China's public security bureau says this year it arrested 45 terrorists
planning an attack at the 2008 Olympics.
China's Public
Security Bureau Spokesman Wu Heping
The bureau said the
arrests took place from January to April in two separate operations in
western Xinjiang province. They said they also seized 20 explosive
devices, more than 100 kilograms of explosive materials, and a book on
how to start a holy war.
Bureau spokesman Wu Heping said the groups were plotting attacks on
major cities and to abduct foreigners and Olympic athletes. He said some
of those arrested were ordered to watch government buildings, military
facilities, and hotels that receive foreigners.

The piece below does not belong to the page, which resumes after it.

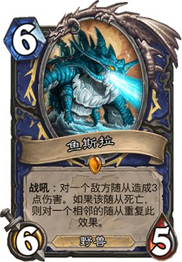 班德斯莫什在出现时并不受萨满玩家喜爱,毕竟长得丑还娱乐,不过在异变萨手中,这张卡确实有极高的强度,为此我也是把他放在了封面上(才没有)。首先随机传说的机制让萨满在有些情况下可以创造奇迹,而555的身材限定就在有时可以让一些费卡焕发青春。比较典型的就是术士手上的蝙蝠之神在班德斯莫什的加成下会变成555铺满场,可以说是相当可怕。大家也肯定在逗鱼时刻上看过那手无限异变老虎,一回合血量拉满。那就是班德斯莫什的功劳了。在最低限度上,它也能提供一个5费的进化素材,它变个高费怪是下下去,再进行进化梦想一波也是有不错的效果的。当然提供一个不错的战吼同时完成站场也是一种玩法,具体的情况还是要看它变什么了。

Wu says under the orders of the "East Turkistan Islamic Movement" the
gangs planned to prepare terrorist attacks before April. He says they
were to carry out poisonings, bombings, and other terrorist attacks in
Beijing, Shanghai, and other places in May in order to disrupt and wreck
the Olympic Games.

The East Turkistan Islamic Movement is a militant group seeking
independence for China's western Xinjiang province. After the September
11, 2001 attacks, the U.S. State Department designated the group a
terrorist organization and said it had links to al-Qaida.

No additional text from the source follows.